■ **TASK INSTRUCTIONS**:
Set down the data below in full, exactly as it reads, but without the pictures.

■ **INFORMATION PROVIDED**:
=== Section Start ===
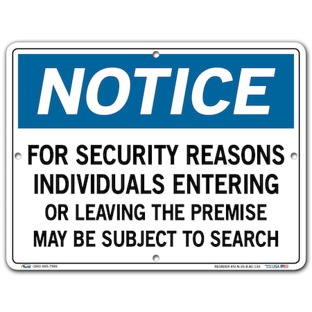 Vestil SI-N-39-B-AC-130 Notice Sign, "For Security Reasons Individuals Entering or Leaving The Premise May Be Subject to Search", 9.5" Height, 12.5" Wide, 0.13" Length Composite
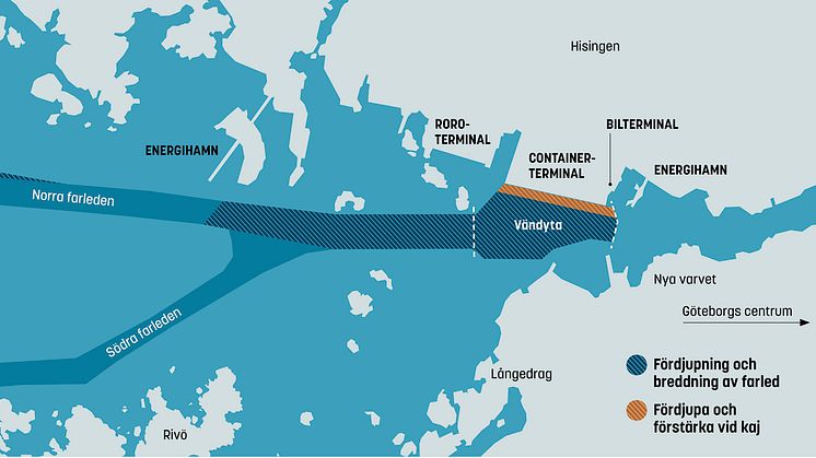 För att kunna ta emot världens största oceangående fartyg behöver farleden in till Göteborgs hamn fördjupas med cirka 4 meter och 6 km farled muddras. Cirka 13,5 miljoner kubikmeter lera kommer att behöva grävas upp och flyttas till anvisat vatten utanför Vinga. Ett område som i många år använts till deponi tack vare sitt stora djup och ackumulativa botten.
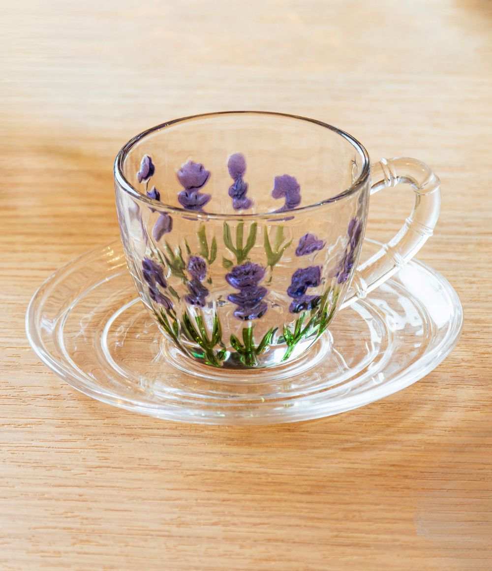 Xícara de Café com Pires Lavanda Hand Painting Cristal (80ml)
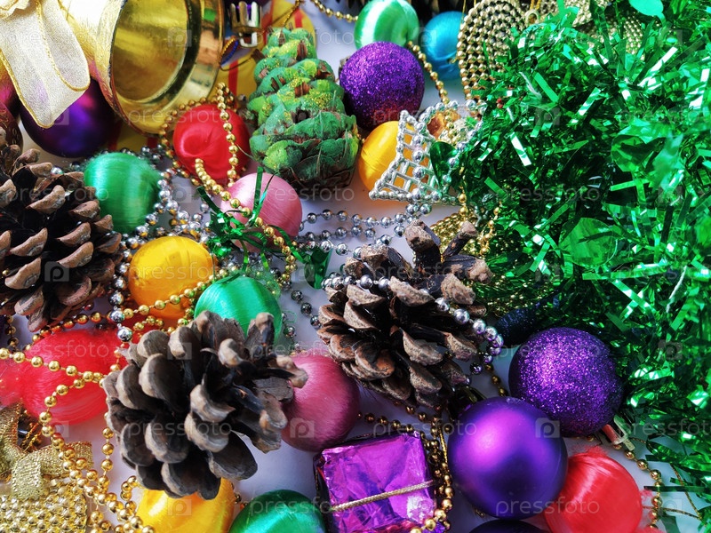 Коллекция рождественских украшений. Красиво расставленные блестящие яркие елочные украшения, зеленая фольга, подарки. Красные, фиолетовые, желтые красочные элементы декора на Новый год и Рождество
=== Section End ===
■ **RESPONSE AREA**:
 Vestil SI-N-39-B-AC-130 Notice Sign, "For Security Reasons Individuals Entering or Leaving The Premise May Be Subject to Search", 9.5" Height, 12.5" Wide, 0.13" Length Composite
 För att kunna ta emot världens största oceangående fartyg behöver farleden in till Göteborgs hamn fördjupas med cirka 4 meter och 6 km farled muddras. Cirka 13,5 miljoner kubikmeter lera kommer att behöva grävas upp och flyttas till anvisat vatten utanför Vinga. Ett område som i många år använts till deponi tack vare sitt stora djup och ackumulativa botten.
 Xícara de Café com Pires Lavanda Hand Painting Cristal (80ml)
 Коллекция рождественских украшений. Красиво расставленные блестящие яркие елочные украшения, зеленая фольга, подарки. Красные, фиолетовые, желтые красочные элементы декора на Новый год и Рождество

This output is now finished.